Three Key Takeaways.

  1. Colorado dug itself a hole in the first half. A major reason why the Buffaloes were unable to win this game was because they played terribly in the first half. Colorado should get credit for clawing back into the game – and briefly taking a lead – but it needs to be acknowledged that the first half was owned by Illinois. When Andre Roberson hit a jumper to trim Illinois’ lead to 24-21 at the 7:06 mark of the first half, that was the last time Colorado scored in the opening frame. The Illini went on a 13-0 run to finish the half and went into the half with what at the time seemed like a comfortable 16-point lead. The Buffaloes only shot 34.8% from the field in the first half and committed eight turnovers, which led to 15 points for the Illini.

    In a game defined by huge runs, Illinois ultimately tallied the biggest surge, giving its fans plenty to cheer about. (Getty)

    In a game defined by huge runs, Illinois ultimately tallied the biggest surge, giving its fans plenty to cheer about. (Getty)
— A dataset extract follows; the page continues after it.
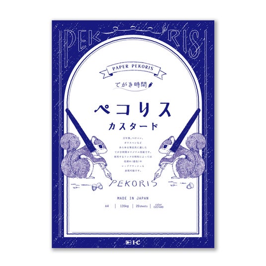 ペコリスカスタードはつけペンや万年筆、ガラスペンと相性の良い滑らかな書き味を実現したインク専用紙で、使用するインクの特性(※)によって「色割れ」や「レッドフラッシュ」と呼ばれる色変化が表現可能となっており、インクの再現性をよりお楽しみいただけます。

  2. This was a game of pretty absurd runs. Illinois went on a 13-0 run to finish the first half. Colorado went on a 23-2 run to begin the second half. Illinois went on an 18-5 run to end the game. Usually it is pretty crazy when a game has one of the aforementioned runs, but this game had three of them and they occurred back-to-back-to-back. Both teams definitely deserve credit for fighting back from trends in the game that were extremely undesirable. Following the game Colorado coach Tad Boyle stated, “We ultimately just did not have enough,” which shows just how taxing the 23-2 run to get back into the game was for the Buffaloes.
  3. Illinois needs to play a lot better if it wants any shot of upsetting Miami on Sunday. The Illini were able to play with the fire and still get by Colorado, but if they want to pull the upset of a very good Miami team Sunday then they need to put forth a much more consistent effort. If Illinois allows Miami to go on a 23-2 run and only manages three field goals in one half, there is a very good chance it will be blown out by the Hurricanes. Guards Brandon Paul and D.J. Richardson are Illinois’ most important players and they were just a combined 8-of-26 from the field and committed a combined seven turnovers against Colorado. Miami has very strong guard play, so both Paul and Richardson are going to need shoot better and take better care of the basketball if the Illini want any chance of pulling the stunner.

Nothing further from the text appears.